● Exercise directions:
Begin at the line containing "Seattle Mariners OUTERSPACE" in the records below, end at the line containing "Here is a classic", and retype each line in that span exactly. No other line and no image should appear.

● Materials provided:

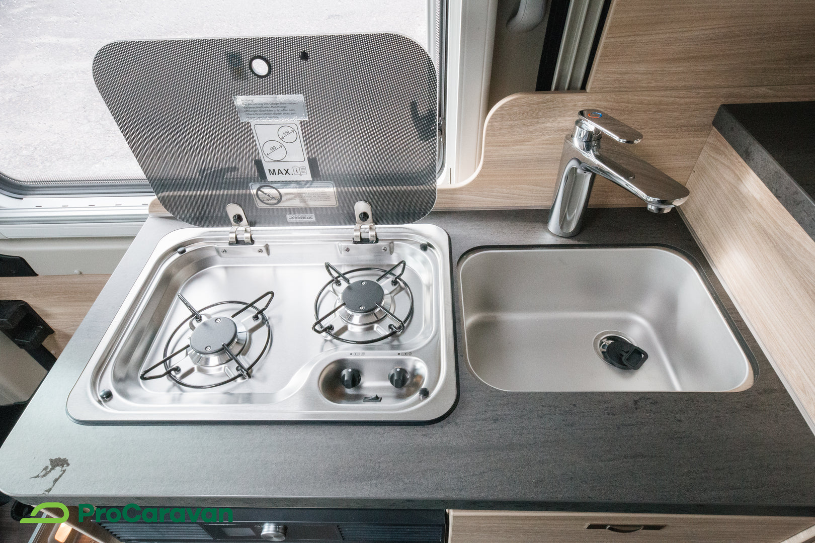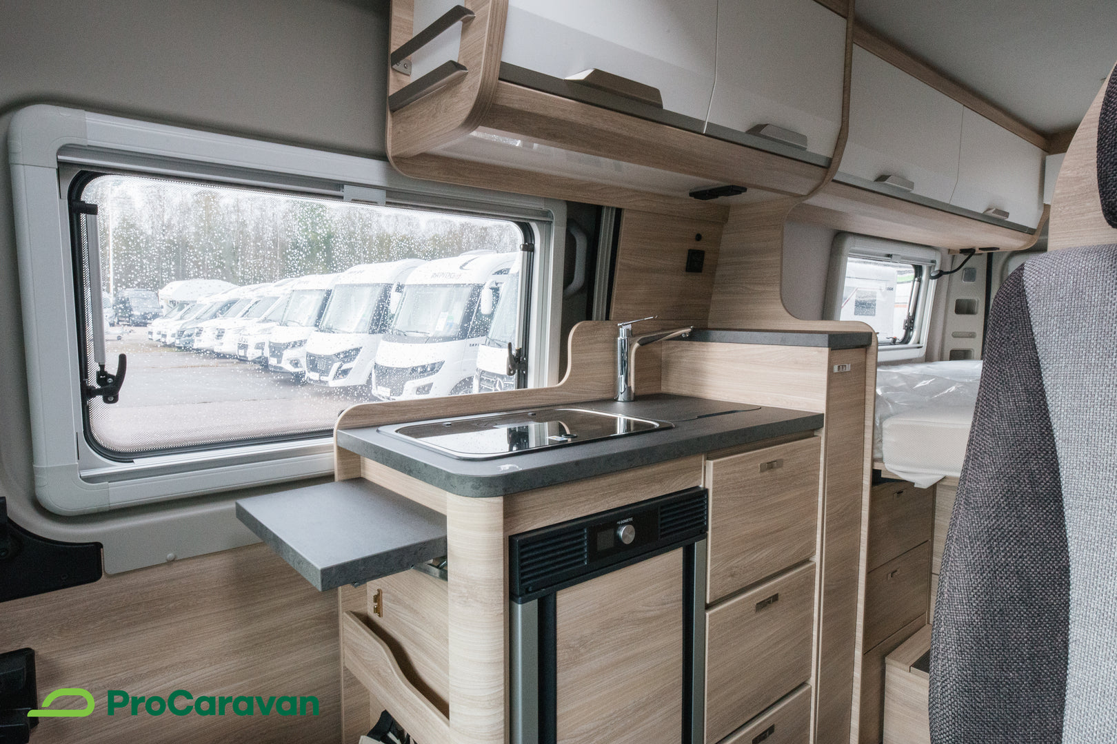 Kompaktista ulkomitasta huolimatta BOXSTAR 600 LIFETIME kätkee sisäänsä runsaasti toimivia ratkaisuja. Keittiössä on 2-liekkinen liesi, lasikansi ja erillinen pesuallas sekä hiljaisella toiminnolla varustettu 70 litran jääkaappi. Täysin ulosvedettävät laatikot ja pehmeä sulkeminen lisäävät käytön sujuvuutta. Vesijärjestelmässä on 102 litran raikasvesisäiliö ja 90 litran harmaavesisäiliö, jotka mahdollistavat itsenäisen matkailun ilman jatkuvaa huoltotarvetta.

* * *

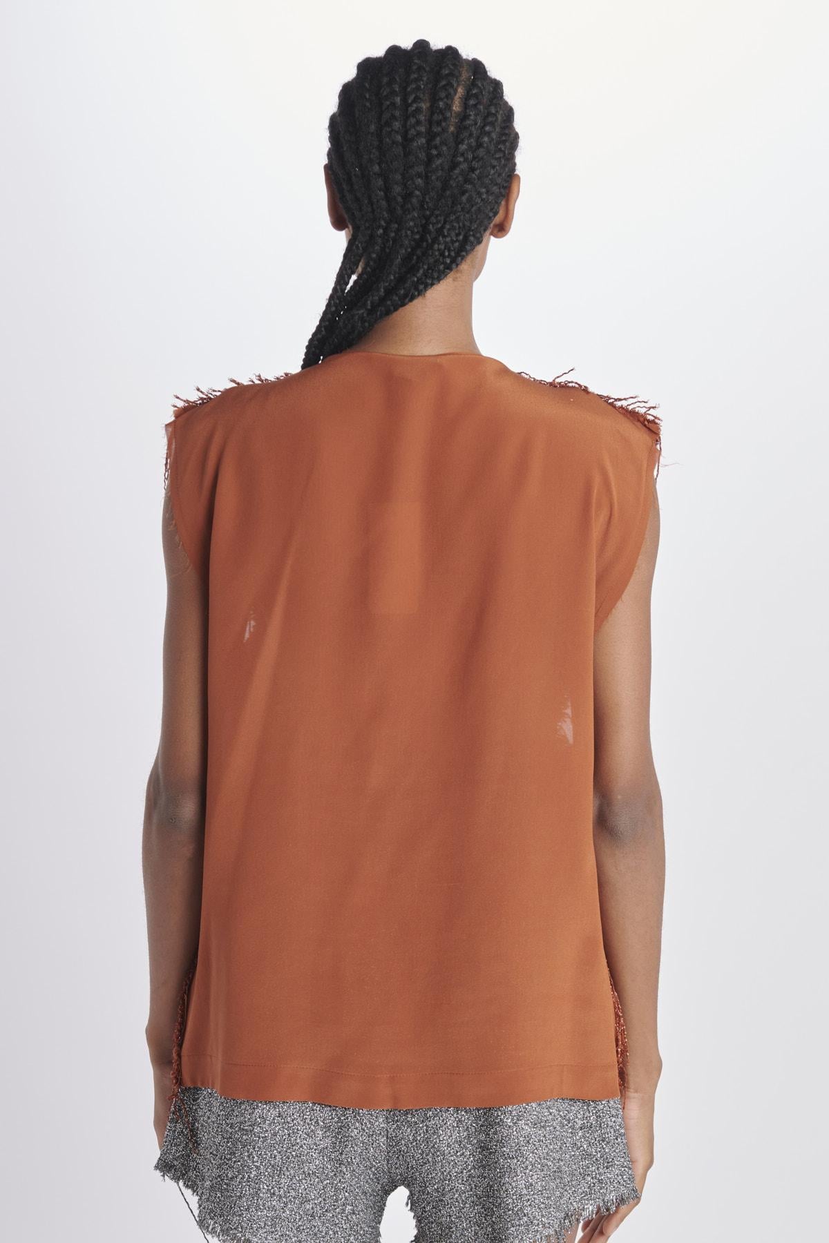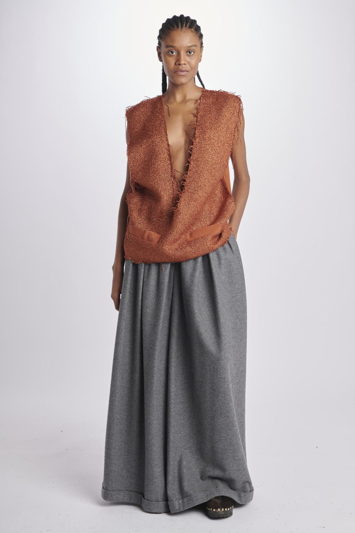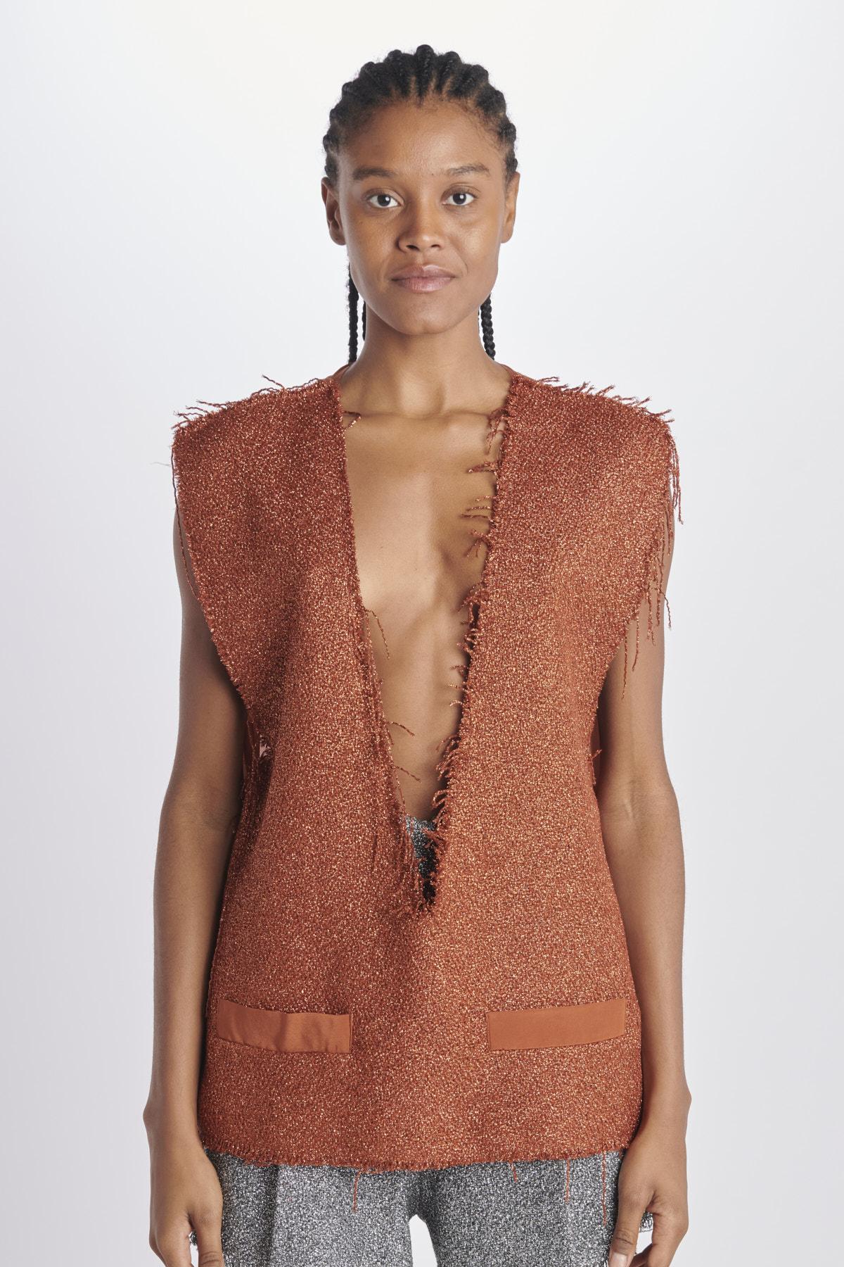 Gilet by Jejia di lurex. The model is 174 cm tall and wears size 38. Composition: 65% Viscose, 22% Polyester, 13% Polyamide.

--

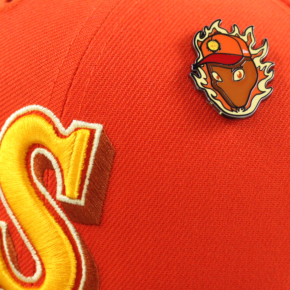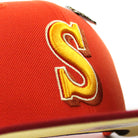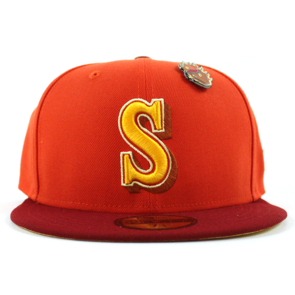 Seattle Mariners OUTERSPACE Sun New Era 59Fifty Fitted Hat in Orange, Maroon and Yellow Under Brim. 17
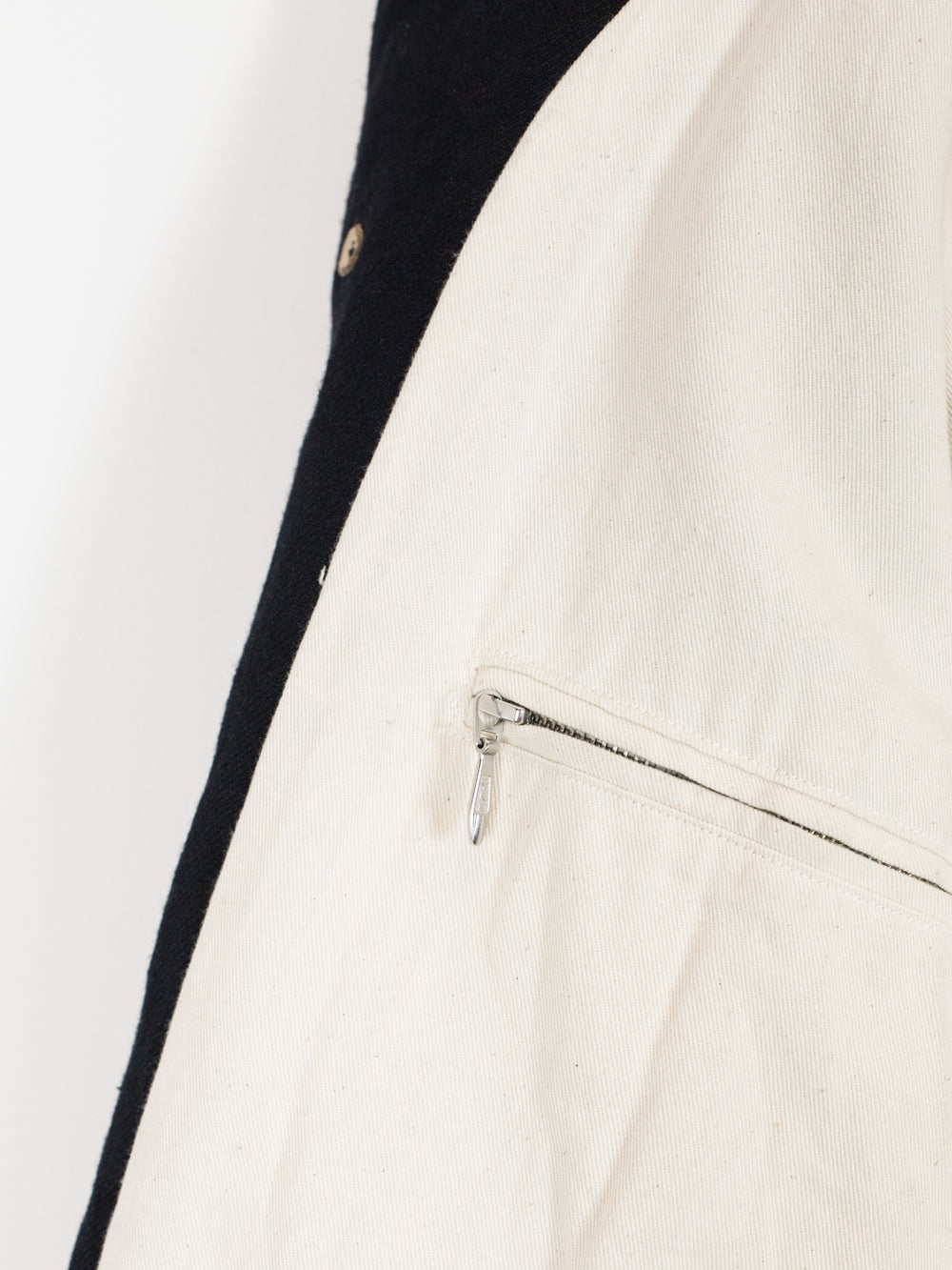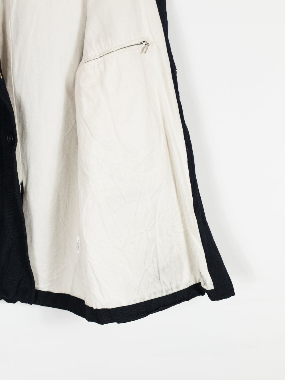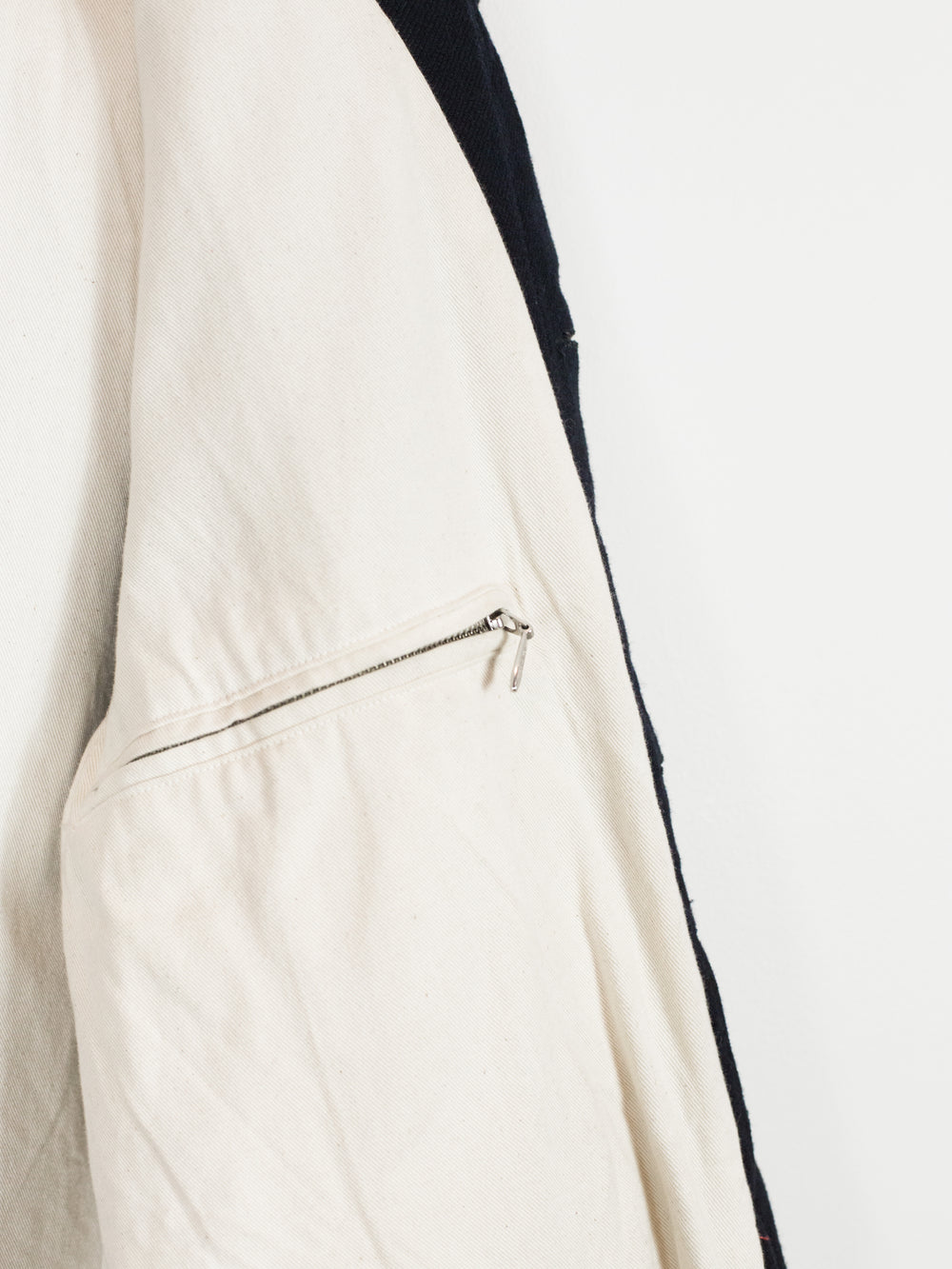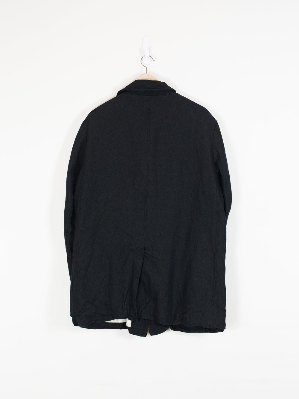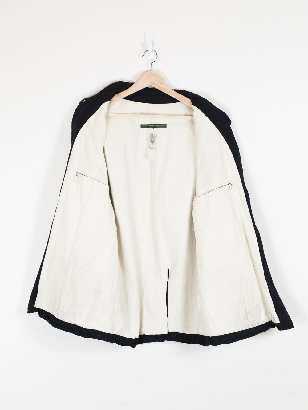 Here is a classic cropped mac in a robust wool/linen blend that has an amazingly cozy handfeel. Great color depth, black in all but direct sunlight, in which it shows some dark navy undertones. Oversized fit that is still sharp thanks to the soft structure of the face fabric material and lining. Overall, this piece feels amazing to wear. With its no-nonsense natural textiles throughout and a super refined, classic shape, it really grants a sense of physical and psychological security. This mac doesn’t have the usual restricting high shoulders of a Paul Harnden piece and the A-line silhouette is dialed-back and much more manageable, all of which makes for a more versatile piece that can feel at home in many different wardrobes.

● Exercise result:
 Seattle Mariners OUTERSPACE Sun New Era 59Fifty Fitted Hat in Orange, Maroon and Yellow Under Brim. 17
 Here is a classic cropped mac in a robust wool/linen blend that has an amazingly cozy handfeel. Great color depth, black in all but direct sunlight, in which it shows some dark navy undertones. Oversized fit that is still sharp thanks to the soft structure of the face fabric material and lining. Overall, this piece feels amazing to wear. With its no-nonsense natural textiles throughout and a super refined, classic shape, it really grants a sense of physical and psychological security. This mac doesn’t have the usual restricting high shoulders of a Paul Harnden piece and the A-line silhouette is dialed-back and much more manageable, all of which makes for a more versatile piece that can feel at home in many different wardrobes.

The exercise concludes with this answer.